その時代では、患者さんの死後脳を解剖することで、実際に統合失調症の方の脳のドーパミン量が多くなっていたのかを調べたりしていたそうです。
その結果としては、確かに脳内ドーパミンが増えている患者さんもいたのですが、全員というわけではなかったようです。そのため、全ての統合失調症患者さんをドーパミン仮説で説明することには無理があるのではと指摘されていました。
近年では画像検査で脳の活動を見ることができるようになってきていますが、画像検査においても同様に全ての統合失調症患者さんにおいて異常が指摘できるわけではありません。
5.ドーパミン仮説以外の仮説はどんなものがあるのか
医学が進歩し、様々な研究が行われるようになり、現在ではドーパミン仮説以外の仮説も提唱されています。
ここではドーパミン仮説以外の代表的な仮説を紹介します。
なお、これらの仮説はドーパミン仮説と相対するものではありません。統合失調症の方の脳内では、ドーパミン仮説とこれらの仮説が同時に生じている可能性があるというものです。
Ⅰ.グルタミン酸仮説
近年注目されている仮説です。
グルタミン酸とは興奮性の物質で、ドーパミンとも深いかかわりのある物質です。
フェンサイクリジン(PCP)というお薬があるのですが、このお薬はグルタミン酸がくっつく部位であるNMDA受容体をブロックするはたらきがあります。PCPを健常者に投与すると、統合失調症のような症状を呈することが知られています。また、統合失調症の患者さんにPCPを投与すると症状が悪化することも知られています。
また、ケタミンというお薬もNMDA受容体をブロックするはたらきがあるお薬ですが、これもPCPと同様に健常者に投与すると統合失調症様の症状が出現します。

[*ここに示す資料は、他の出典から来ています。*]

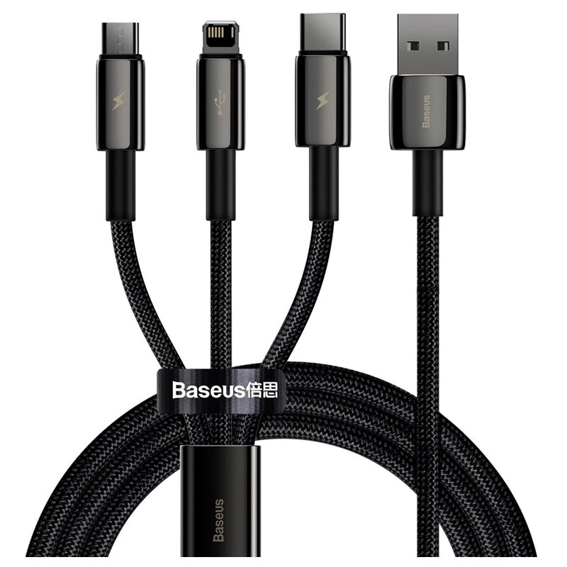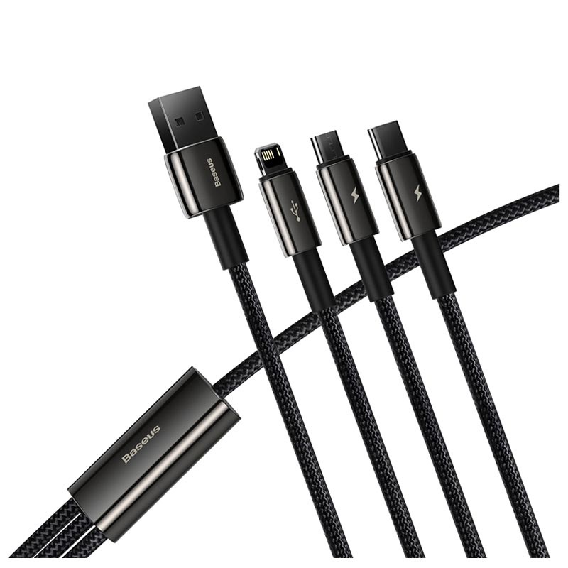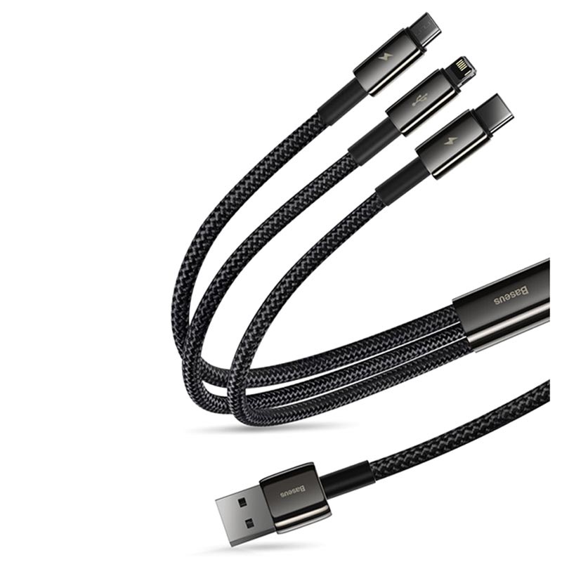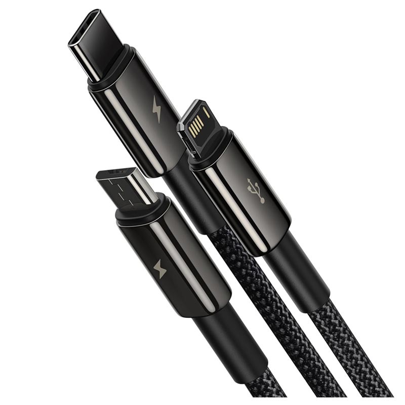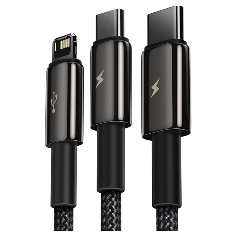 Baseus Tungsten Gold 3-i-1 Hurtigladekabel - Micro USB, USB Type-C, Lightning

このことから、グルタミン酸のはたらきがブロックされることが統合失調症の原因なのではないかという仮説が生まれました。
これがグルタミン酸仮説です。
ドーパミン仮説と異なり、グルタミン酸仮説は陰性症状においても仮説通りに説明できる点が多いため、ドーパミン仮説より上流にある、より原因に近い仮説なのではないかと注目されています。
Ⅱ.セロトニン仮説
セロトニンというと、うつ病や不安障害との関連が有名ですが、実は統合失調症にも関係しているのではないかと考えられています、
特に陰性症状や認知症状との関連が注目されています。
Ⅲ.GABA仮説
GABAという抑制系の神経(リラックスの神経)のはたらきが悪くなると、ドーパミンのはたらきが強まり、統合失調症が発症するのではないかという仮説です。